On portera attention à la dernière phrase, qui est bel et bien libellée ainsi : « Il est tout entier et toujours libre ou il n’est pas », et non pas « Il est tout entier et toujours libre ou il ne l’est pas ». En somme, par l’aliénation hypothétique de sa liberté, l’homme perd son humanité. Ce qui signifie, si on tire toutes les conséquences du texte qui précède, que l’homme perd son humanité dès l’instant où il tente de se définir autrement que comme un vide en mouvement, une projection de soi vers ce qui n’est pas, encore, soi. Dès lors que l’homme s’objective, parle de lui comme on parlerait d’un objet, se définit, s’attribue une essence, il n’est plus humain. On a là de quoi mieux saisir les propositions radicales, mais dès lors logiques, qui sont tenues dans l’Existentialisme est un humanisme.

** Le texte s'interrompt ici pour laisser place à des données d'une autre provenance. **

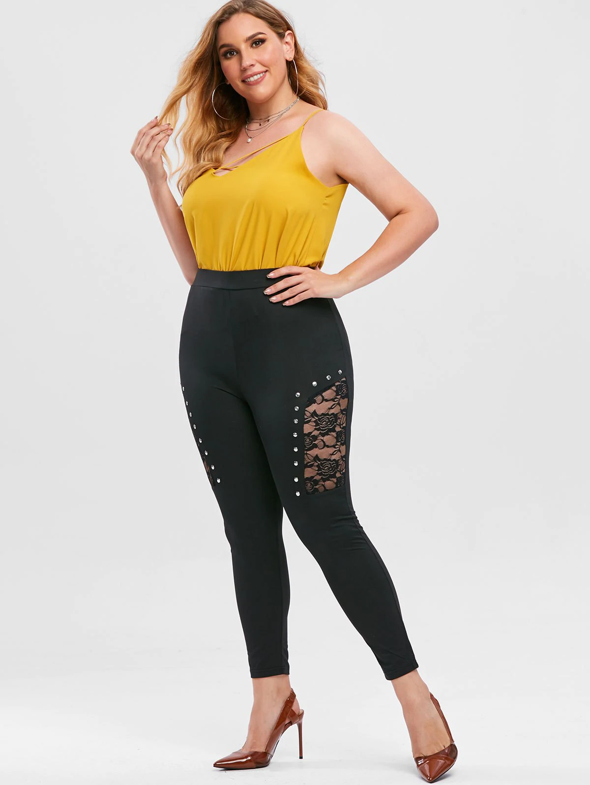 Plus Size Lace Insert Studded Pants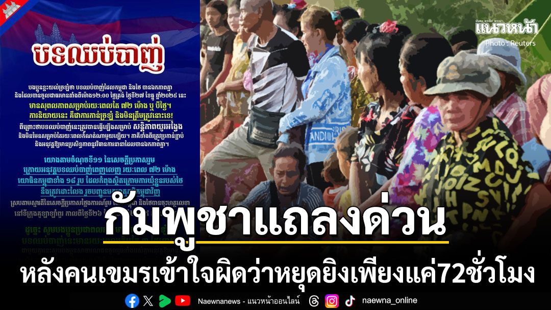 กระทรวงสารสนเทศแห่งราชอาณาจักรกัมพูชา ออกแถลงการณ์ ระบุว่า บางคนเข้าใจผิดว่า การหยุดยิงที่กัมพูชาและไทยตกลงกันและมีผลบังคับใช้ตั้งแต่เวลา 12.00 น. ของวันที่ 27 ธ.ค. 68 นั้นมีผลเพียง 72 ชั่วโมงหรือ 3 วันเท่านั้น ข้อความนี้ไม่ถูกต้องและทำให้เข้าใจผิด! การหยุดยิงนี้มีจุดประสงค์เพื่อสันติภาพในระยะยาว ไม่ใช่เพียงช่วงเวลาจำกัด ทั้งสองฝ่ายต้องปฏิบัติตามและดำเนินการตามมาตรการที่ตกลงกันไว้อย่างมีประสิทธิภาพ

On saisira mieux encore pourquoi Sartre présentera son existentialisme comme un humanisme. Il aurait été difficile de le définir comme une anthropologie, puisqu’il aurait alors fallu constituer l’homme comme un objet qu’il s’agirait de connaître. Parler d’humanisme, c’est déplacer l’homme du terrain des objets pour le placer sur celui des valeurs, sans pour autant céder à la tentation d’en faire une idée figée, au terminus de l’histoire, ce à quoi tout homme se devrait de correspondre. La manière qu’aura l’existentialisme d’être humaniste, ce sera de détacher l’homme de toute définition afin de lui rendre l’aptitude à être tout, puisque n’étant rien.
Reprenez maintenant l’Existentialisme est un humanisme, ça devrait vous paraître étonnamment simple.